Can't figure it out

[doxigywlz]

Okay, I have this very EASY question (or so it appears) but I don't know how to figure out the time in this problem:

a coin with a diameter of 2.4 cm is dropped on edge onto a horizontal surface. the coin starts out with an initial angular speed of 18 rad/s and rolls in a straight line without slipping. if the rotation slows with an angular acceleration of magnitude 1.9 rad/s^2, how far does the coin roll before coming to rest?

I know w initial is 18 rad/s and w final is 0
alpha is 1.9rad/s^2 (or is it negative??)
we're looking for theta...

I could figure it out if I had the time.. Can someone help me out?? Thanks

[Doc Al]

I could figure it out if I had the time..
That's one way to do it.

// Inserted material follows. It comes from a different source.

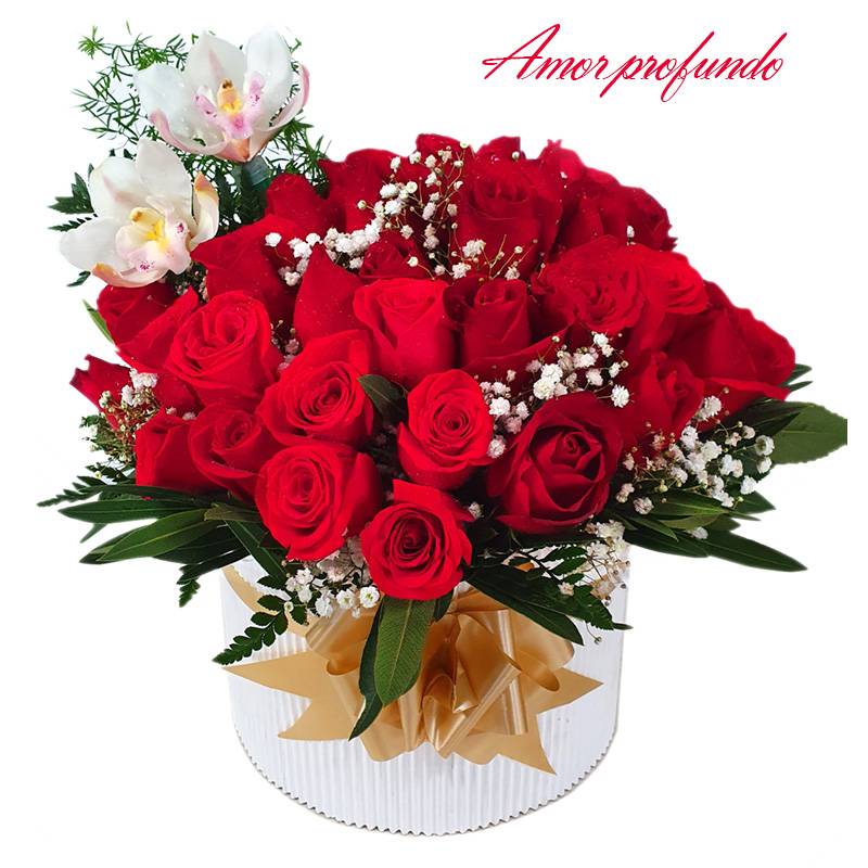 Arreglo floral con rosas rojas y orquídeas. Ideal para sorprender a esa persona especial.

So figure out the time. Hint: What's the definition of acceleration?

[Pseudo Statistic]

I'm going to guess here...
Since v = rw, r = 2.4/2 = 1.2, and w = 18rads^-1, so 18(1.2) = v (Not going to calculate, too lazy and tired..)
a = Ar, and A = 1.9rads^-2, r = 1.2, so a = 1.9(1.2)...
Now, we'll consider v to be initial velocity, u...
Use the formula:
v^2 = u^2 + 2as
Where s = distance, plug it in..
0^2 = (18(1.2))^2 + 2(1.9(1.2))s
And solve for s.
I hope I gave the right method, tell me if it worked. :-\

[doxigywlz]

pseudo, no-- it didn't work (unless I did it wrong)...

Acceleration is meters per second squared or, in this case, radians per second squared... so how does that help me solve for time?
1.9=change in w over seconds squared.. i tried to solve for it, but i got it wrong..

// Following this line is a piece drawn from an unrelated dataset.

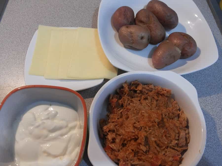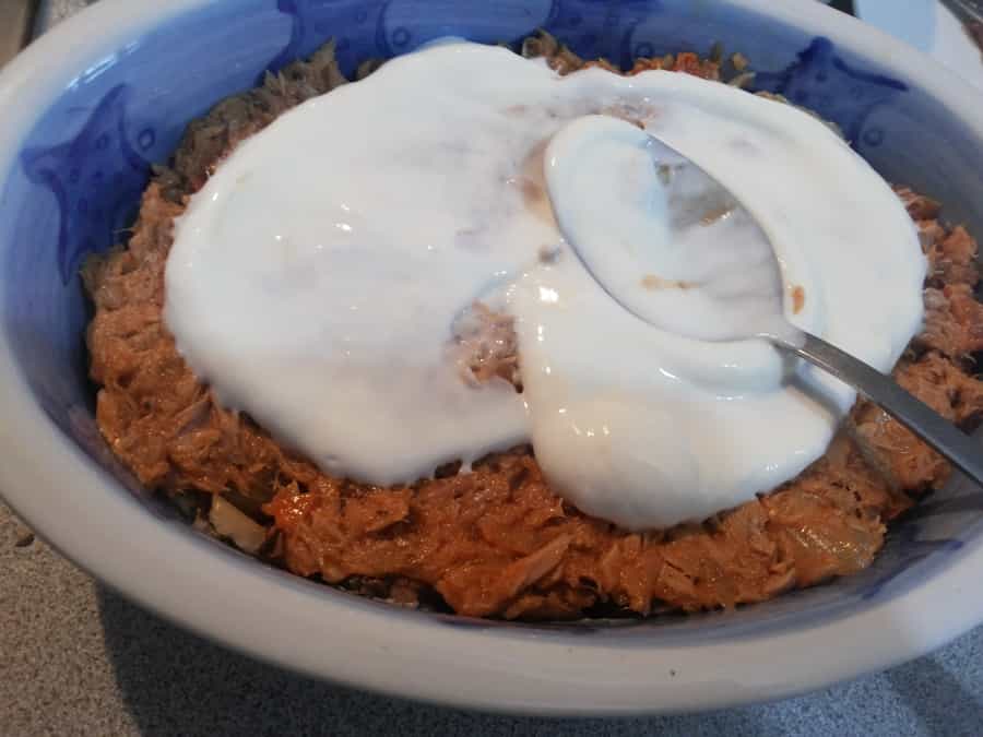 Sobre las papas por el guiso de atún y cúbrelo con el yogurt griego.

please a little more help? i have to go to work now but i will definately check back later

[Pseudo Statistic]

Hmmm, I seem to have made a mistake writing that...
Change the acceleration to a negative value, thus giving the equation:
0^2 = (18(1.2))^2 + 2(-1.9(1.2))s
Try solving for s now and see if it works.
There's no way it's going to come to rest if it's not deceleration! (Unless I haven't learnt about something in Physics which causes something to come to rest, rather than net forces..)

[Doc Al]

Acceleration is meters per second squared or, in this case, radians per second squared... so how does that help me solve for time?
1.9=change in w over seconds squared.. i tried to solve for it, but i got it wrong..
The definition of angular acceleration is change of angular velocity (omega) per unit time. Writing it for rotational motion: \alpha = \Delta \omega / \Delta t. You know the change in \omega and the acceleration, so find the time.

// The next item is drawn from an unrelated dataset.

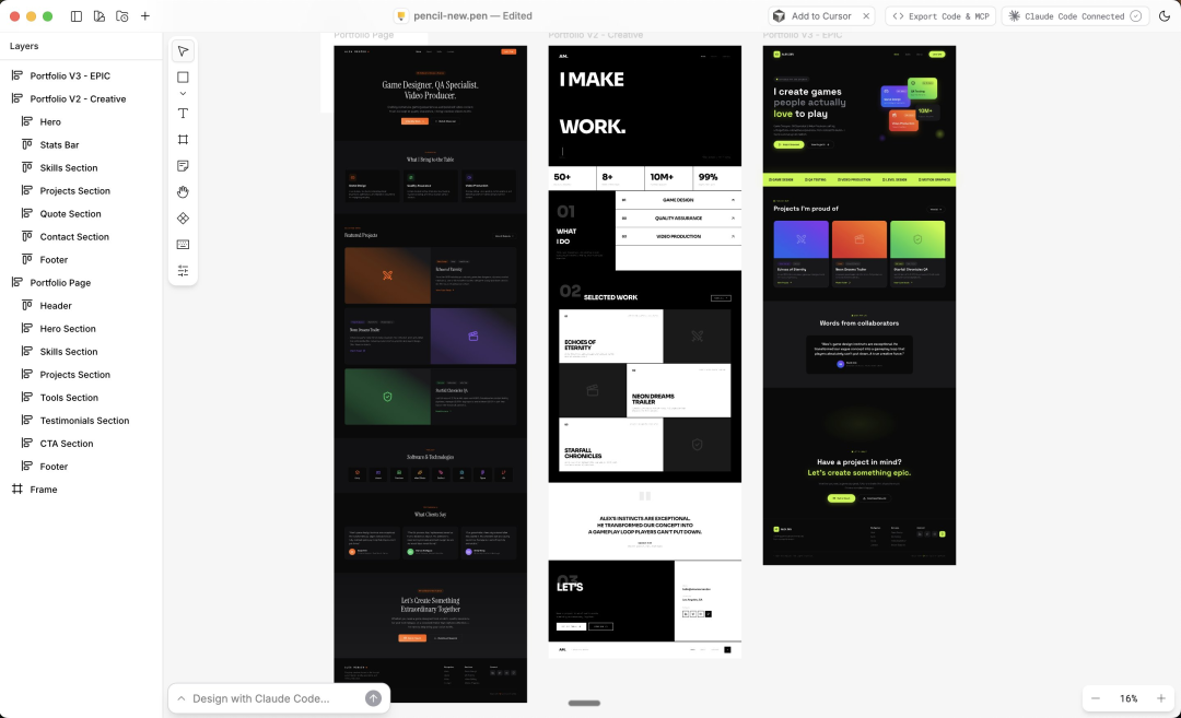 但Pencil走的路子是「设计即代码」,从根上就把设计和代码绑在一起了。

By the way, Pseudo Statistic just solved the problem slightly differently. (That's why in my first response I said that your way is just one way of solving for the angle.) I recommend that you solve the problem both ways, just for the practice. Your way: find the time, then use it to find the distance. His way: Use the kinematic formula relating angular distance and speed to get the answer directly. (For some reason Pseudo Statistic converted from angular to linear speed in writing the kinematic equation--that's not wrong, just unnecessary. Also, as he realized, he made a slight error in signs. In any case, the kinematic equation he used is: \omega_f^2 = \omega_i^2 + 2\alpha \theta.)

[Pseudo Statistic]

The definition of angular acceleration is change of angular velocity (omega) per unit time. Writing it for rotational motion: \alpha = \Delta \omega / \Delta t. You know the change in \omega and the acceleration, so find the time.

By the way, Pseudo Statistic just solved the problem slightly differently. (That's why in my first response I said that your way is just one way of solving for the angle.) I recommend that you solve the problem both ways, just for the practice. Your way: find the time, then use it to find the distance. His way: Use the kinematic formula relating angular distance and speed to get the answer directly. (For some reason Pseudo Statistic converted from angular to linear speed in writing the kinematic equation--that's not wrong, just unnecessary. Also, as he realized, he made a slight error in signs. In any case, the kinematic equation he used is: \omega_f^2 = \omega_i^2 + 2\alpha \theta.)
Hey, atleast I got it right. ;)
We aren't even going to take Angular velocity/acceleration in the Physics course I'm in. :(